**TASK DIRECTIONS:** Each line of the listing, apart from the pictures, is to be printed exactly.

**STORED DATA:**
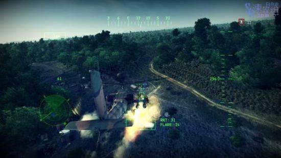 又是丛林关卡,起飞之后向前飞就可以,一路上可以看到越来越多的敌人,全都干掉,最后敌人比较密集的地方把敌人都杀光后等队友直升机降落。
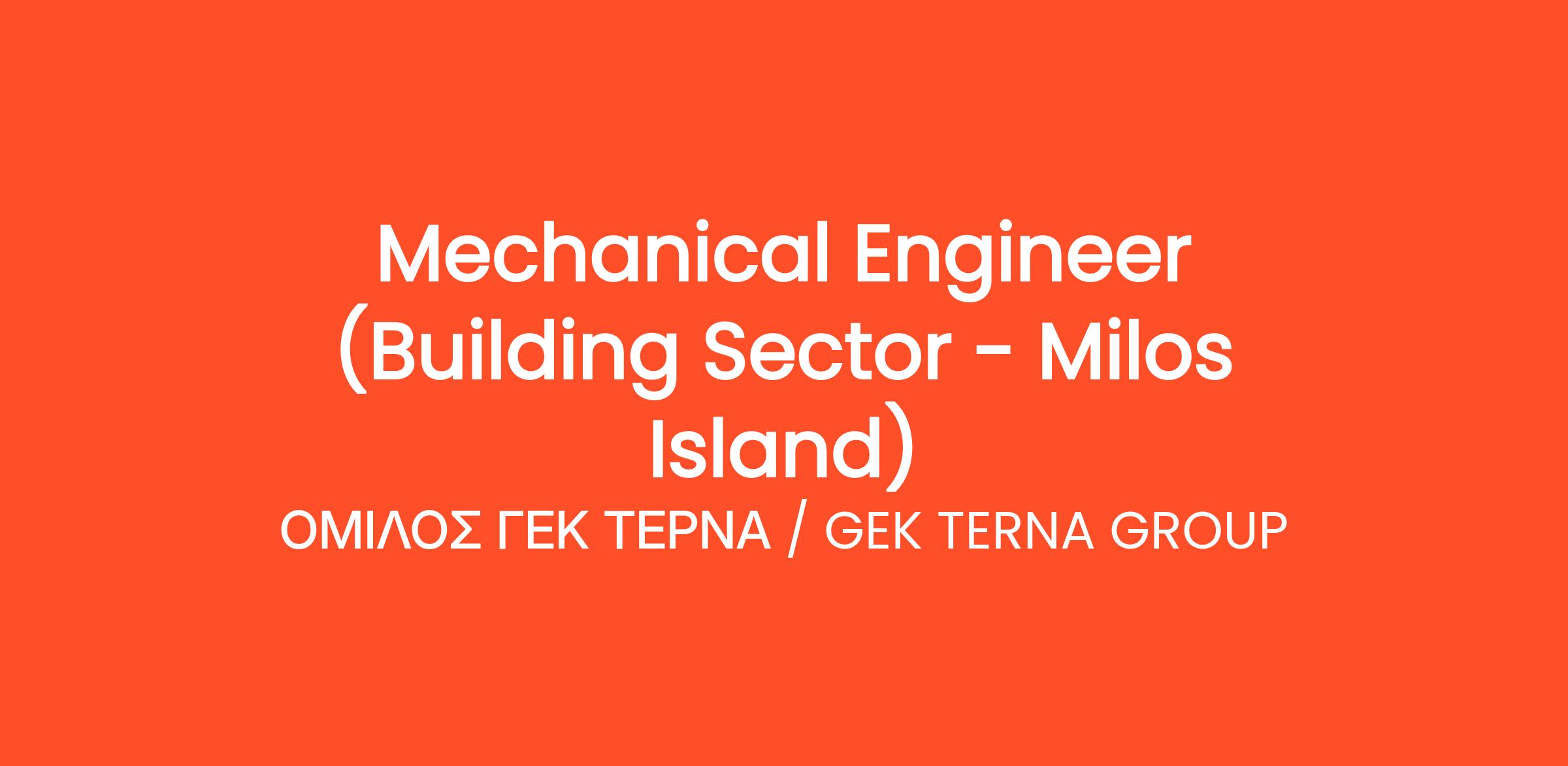 Mechanical Engineer (Building Sector – Milos Island)
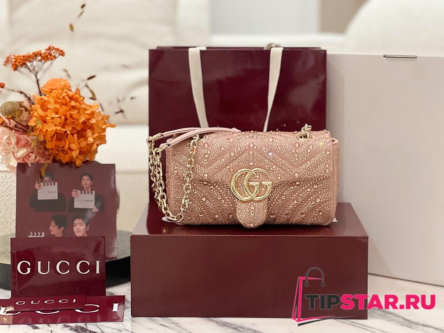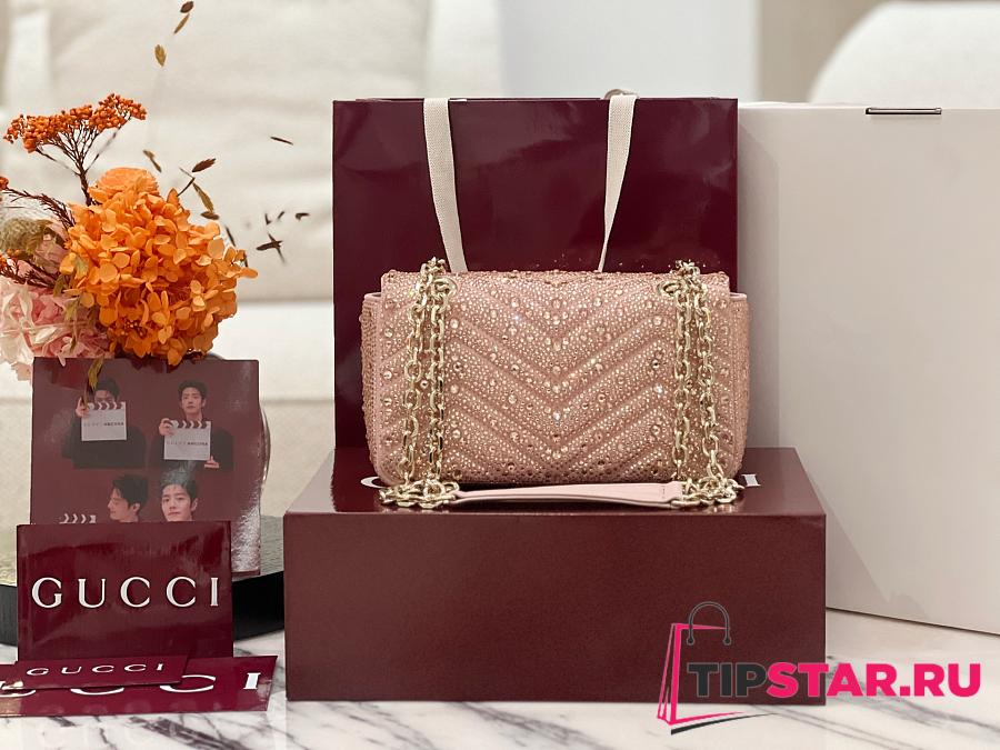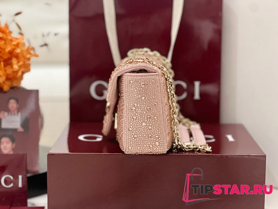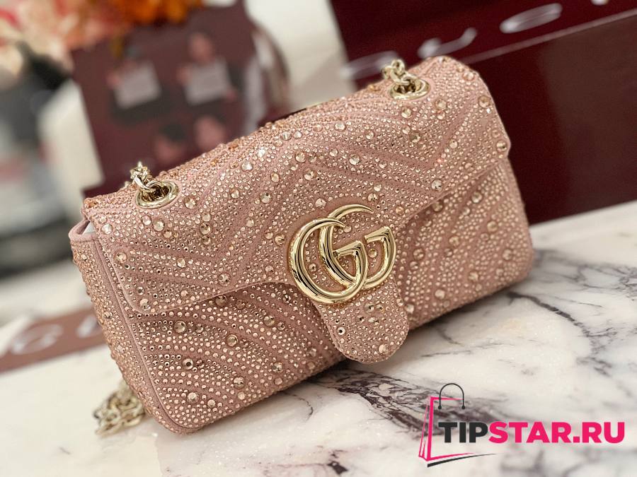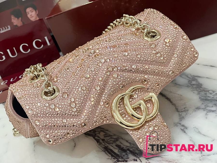 Gucci GG Marmont crystals small shoulder bag pink beige leather

**SOLUTION FOR THIS EXERCISE:**
 又是丛林关卡,起飞之后向前飞就可以,一路上可以看到越来越多的敌人,全都干掉,最后敌人比较密集的地方把敌人都杀光后等队友直升机降落。
 Mechanical Engineer (Building Sector – Milos Island)
 Gucci GG Marmont crystals small shoulder bag pink beige leather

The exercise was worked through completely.